··· EXCERPTED RECORDS ···
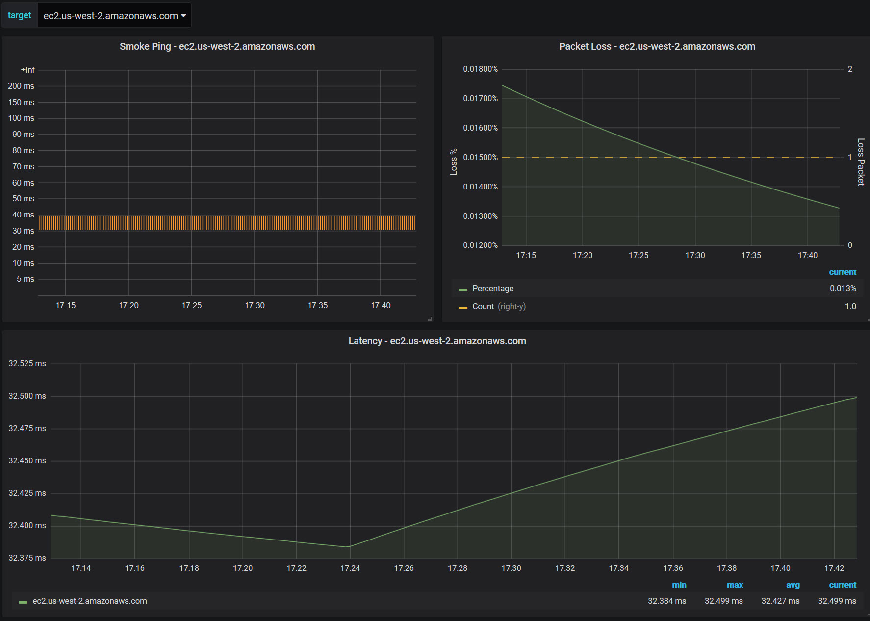Smoke Ping using https://github.com/SuperQ/smokeping_prober with latency heatmap latency graph packet loss gragh
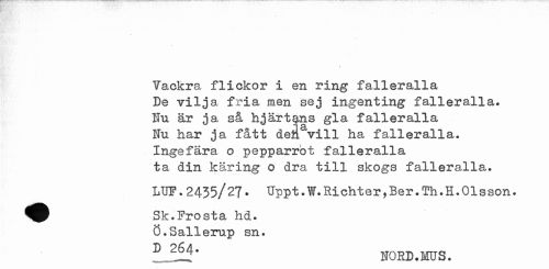 //// i //// Vackra flickor i en ring falleralla //// De vilja fria men sej ingenting falleralla. //// Nu är ja så hjärtans gla falleralla //// Nu har ja fått deå vill ha falleralla. //// Ingefära o pepparrot falleralla //// ta din käring o dra till skogs falleralla. //// LUF. 2435/27. Uppt. Y/.Richter, Ber. Th. H.Olsson. //// ^^ Sk.Frosta hd. //// Ö.Sallerup sn. //// NORD.MUS. ////
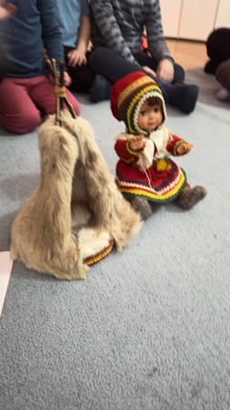 Etterpå pratet vi litt mer om det vi lærte i samling ute. Vi fikk også se og kjenne på en liten utgave av en lavvo og se en dukke med samekofte på.
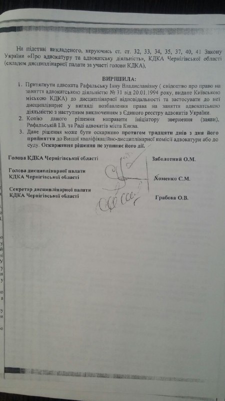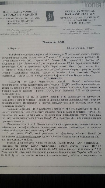 Собственно, именно за это ее и лишили статуса адвоката окончательно (Решение дисциплинарной палаты КДК адвокатуры Черниговской области от 8 ноября 2018 года). В целом, Дисциплинарная палата трижды до этого приостанавливала ей право заниматься адвокатской деятельностью. Сведения об этом внесены в ЕРАУ. Но Рафальская продолжает работать, ее реальность ведь – параллельная.
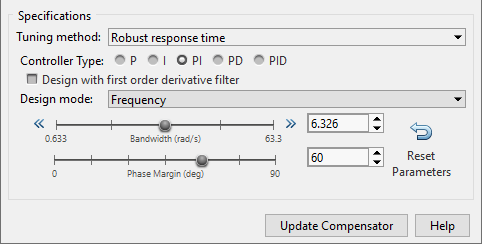 Выберите тип контроллера. При выборе PD или PID установите флажок «Дизайн с производным фильтром первого порядка» для проектирования контроллера PDF или PIDF соответственно.
···
— TASK TO COMPLETE —
Each line above has to be returned exactly. Drop the pictures.

— SOLUTION TO THIS TASK —
Smoke Ping using https://github.com/SuperQ/smokeping_prober with latency heatmap latency graph packet loss gragh
 //// i //// Vackra flickor i en ring falleralla //// De vilja fria men sej ingenting falleralla. //// Nu är ja så hjärtans gla falleralla //// Nu har ja fått deå vill ha falleralla. //// Ingefära o pepparrot falleralla //// ta din käring o dra till skogs falleralla. //// LUF. 2435/27. Uppt. Y/.Richter, Ber. Th. H.Olsson. //// ^^ Sk.Frosta hd. //// Ö.Sallerup sn. //// NORD.MUS. ////
 Etterpå pratet vi litt mer om det vi lærte i samling ute. Vi fikk også se og kjenne på en liten utgave av en lavvo og se en dukke med samekofte på.
 Собственно, именно за это ее и лишили статуса адвоката окончательно (Решение дисциплинарной палаты КДК адвокатуры Черниговской области от 8 ноября 2018 года). В целом, Дисциплинарная палата трижды до этого приостанавливала ей право заниматься адвокатской деятельностью. Сведения об этом внесены в ЕРАУ. Но Рафальская продолжает работать, ее реальность ведь – параллельная.
 Выберите тип контроллера. При выборе PD или PID установите флажок «Дизайн с производным фильтром первого порядка» для проектирования контроллера PDF или PIDF соответственно.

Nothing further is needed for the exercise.